[Extracted records]
*****
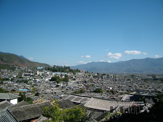 中午12点,走在迷一般的古城内,总算感觉到累了,才想起要放下行李,找地方住,听朋友说,住山上可以看见丽江古城的全景,还可以看见日照玉龙雪山,于是找到古城靠山上的一家客栈,叫做“观景台客栈”,由于是淡季,跟老板谈了一下价格,最后以70元成交,呵呵,便宜哦。写下行囊,观赏一下美景,灰色的瓦房鳞次栉比,蔚为壮观,远处突兀森郁,白雪嶙峋的玉龙雪山:
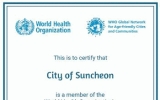 순천시 클릭뉴스2025. 02.10[클릭뉴스]순천시는 세계보건기구(WHO)로부터 고령친화도시 국제네트워크 재인증을 받아 2029년까지 자격을 유지한다고 10일 밝혔다. 고령친화도시 국제네트워크는 고령화에 효과적으로 대응하기 위해 세계보건기구가 2006년부터 추진해 오고 있는 범세계적 프로젝트이다. 시는 지난 2022년 WHO 고령친화도시 최초 가입 인증과 함께 3개년 실행계획을 수립하고, 중점사항으로 외부환경 및 시설 개선, 교통수단 편의성 제고, 건강과 지역사회 돌봄, 여가 및 사회활동 참여 등 8대 영역을 추진하며 노인복지를 위한 다각적인 노력을 기울여 …
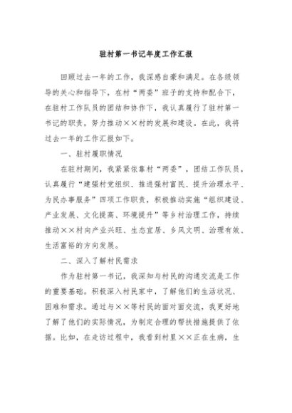 / 【七哥公文】2024年:驻村第一书记年度工作汇报+更多免费公文+VX:QiGeGongWen2024
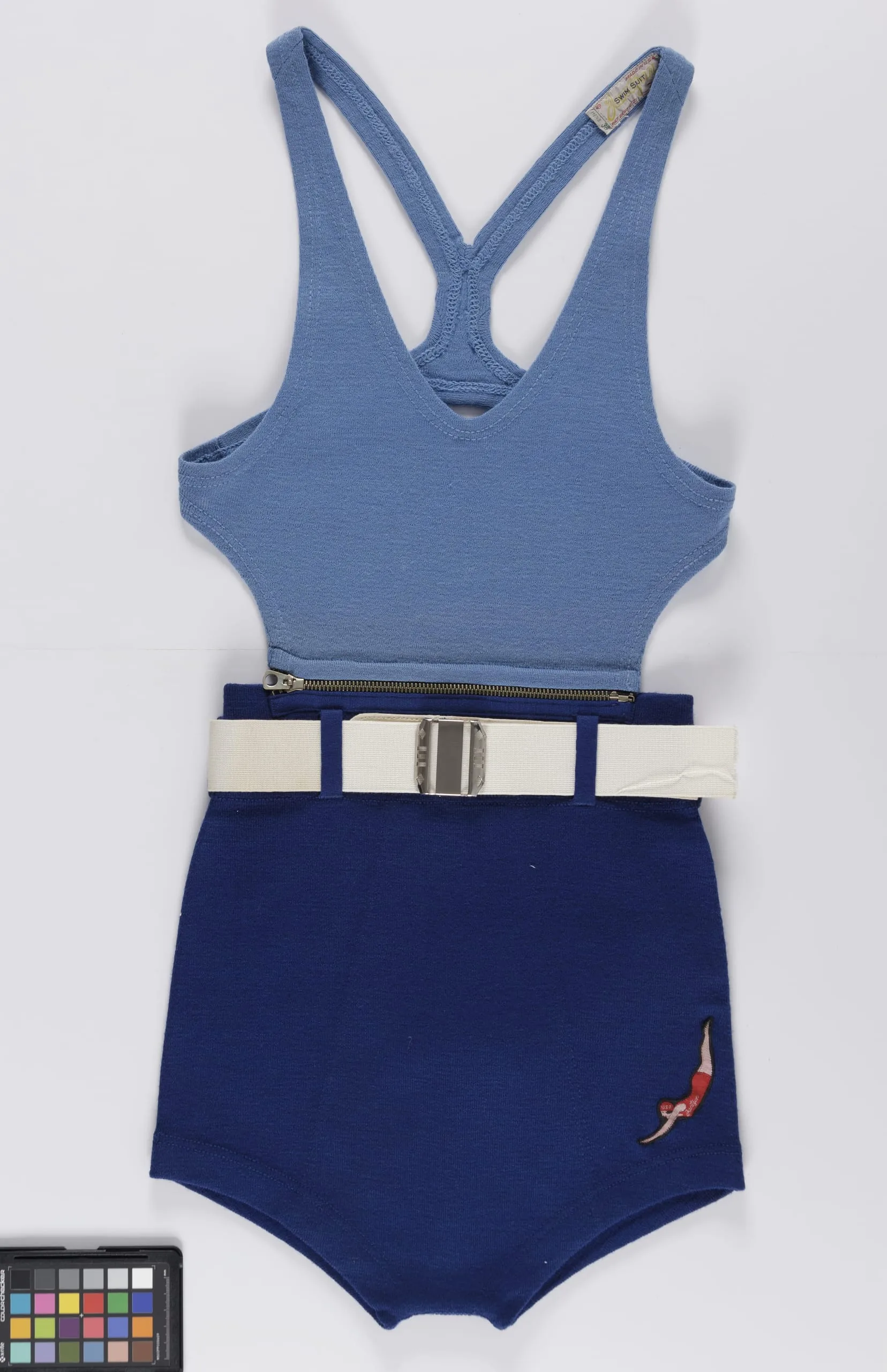 - Trunks: wool knit with metal; Top: wool knit with metal; Belt: cotton braid (webbing) and metal
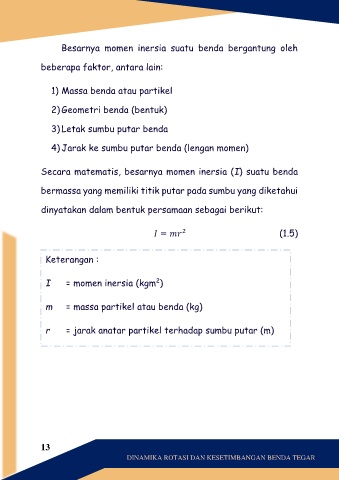 Secara matematis, besarnya momen inersia (I) suatu benda
*****
Problem statement: Beginning with the line that contains "순천시 클릭뉴스2025. 02.10[클릭뉴스]순천시는" and ending with the final line of the entries, every line must be copied exactly; the pictures must not.

Response box:
 순천시 클릭뉴스2025. 02.10[클릭뉴스]순천시는 세계보건기구(WHO)로부터 고령친화도시 국제네트워크 재인증을 받아 2029년까지 자격을 유지한다고 10일 밝혔다. 고령친화도시 국제네트워크는 고령화에 효과적으로 대응하기 위해 세계보건기구가 2006년부터 추진해 오고 있는 범세계적 프로젝트이다. 시는 지난 2022년 WHO 고령친화도시 최초 가입 인증과 함께 3개년 실행계획을 수립하고, 중점사항으로 외부환경 및 시설 개선, 교통수단 편의성 제고, 건강과 지역사회 돌봄, 여가 및 사회활동 참여 등 8대 영역을 추진하며 노인복지를 위한 다각적인 노력을 기울여 …
 / 【七哥公文】2024年:驻村第一书记年度工作汇报+更多免费公文+VX:QiGeGongWen2024
 - Trunks: wool knit with metal; Top: wool knit with metal; Belt: cotton braid (webbing) and metal
 Secara matematis, besarnya momen inersia (I) suatu benda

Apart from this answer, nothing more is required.